# I need help :(



## RafaelMarujo (Jan 22, 2021)

Hey guys, even though it's my first time posting, i love reading and watching all your guy's projects, but i know find myself in need of more experienced help. 
So i decided to sell my lathe (a old as* atlas 10" wich i love) because i found a really good (and i mean really good, too good to pass up) deal on a massive lathe. Its in relative good condition... Ok it's in a not very good condition... But it has alot of potential, it just need a lil fixin' on the tailstock and a fresh coat of paint, the bearings and ways are super nice and it has barely any wear at all, I've seen the actual lathe yesterday.. 
Enough bothering you guys with talk tho, now to my actual problem, every, and i mean EVERY knob is missing its plaque, i have no ideia of the designations of feed and speeds, and thread cutting and etcetera.

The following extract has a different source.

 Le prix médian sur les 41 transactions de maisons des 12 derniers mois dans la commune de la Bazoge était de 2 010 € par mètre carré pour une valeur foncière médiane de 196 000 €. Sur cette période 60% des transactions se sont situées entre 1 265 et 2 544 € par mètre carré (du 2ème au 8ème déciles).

The thing is i cant find any thing online about that brand of lathe, especially because its a spanish brand and im guessing there aren't many of those lathes around
I will attach pics of the actual lathe and some pics i found online of the same model lathe.. 
My question is if anyone can help me find pictures or something, or help me calculate the gear ratios of the gears when i actually bring the lathe home 
If you have read this far i hope you have a great day, and i apologize for ramblin on and on. Thank you


----------



## Jim F (Jan 22, 2021)

BILCIA Lathes, Types 20, 25, M4 and M6 Catalogues | store.lathes.co.uk
					






					store.lathes.co.uk


----------



## RafaelMarujo (Jan 22, 2021)

Jim F said:


> BILCIA Lathes, Types 20, 25, M4 and M6 Catalogues | store.lathes.co.uk
> 
> 
> 
> ...


I have seen that but It doesn't really help because i dont know the model of the lathe


----------



## Winegrower (Jan 22, 2021)

I ran into this problem on an old Monarch, no markings at all.   I just played with every control until it made sense.   The threading/feed chart is predictable when you fill in a sparse matrix of points.

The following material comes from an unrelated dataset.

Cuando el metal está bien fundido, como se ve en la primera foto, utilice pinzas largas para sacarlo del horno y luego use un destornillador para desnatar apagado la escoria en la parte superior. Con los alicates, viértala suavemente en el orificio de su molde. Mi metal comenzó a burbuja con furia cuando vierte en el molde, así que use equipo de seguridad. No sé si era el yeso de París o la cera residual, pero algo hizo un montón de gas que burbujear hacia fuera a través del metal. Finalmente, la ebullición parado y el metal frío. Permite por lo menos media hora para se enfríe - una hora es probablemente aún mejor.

These are not the most complex of machines, and all makes/models I’ve seen have pretty similar features.


----------



## RafaelMarujo (Jan 22, 2021)

Winegrower said:


> I ran into this problem on an old Monarch, no markings at all.   I just played with every control until it made sense.   The threading/feed chart is predictable when you fill in a sparse matrix of points.
> 
> These are not the most complex of machines, and all makes/models I’ve seen have pretty similar features.


Ok i will try that thank you
Its what i did when i first got my shaper, but it turns out the plaques and markings were just buried underneath 60y of no cleaning


----------



## Winegrower (Jan 22, 2021)

Buenos suerte, Rafael.   Will be fun to have a big lathe like that.


----------



## RafaelMarujo (Jan 22, 2021)

Winegrower said:


> Buenos suerte, Rafael.   Will be fun to have a big lathe like that.


Thank you so much, if its half as fun as my big shaper, ill be over the moon


----------



## extropic (Jan 22, 2021)

@RafaelMarujo

Welcome to the group.

If you look under the "Get in Touch" headline, at the bottom of the page that @Jim F linked to, there is an email address.
Send Tony a bunch of good photos of your lathe and ask him if one of the available publications is applicable.
Since he doesn't seem to have a BILCIA lathe pictured, he may well be interested in your project.

Good luck.


----------



## RafaelMarujo (Jan 22, 2021)

extropic said:


> @RafaelMarujo
> 
> Welcome to the group.
> 
> ...


Hi
Oh thats smart i haven't thought about tgat!! Ill do that and see if i can get lucky, thanks you!!!


----------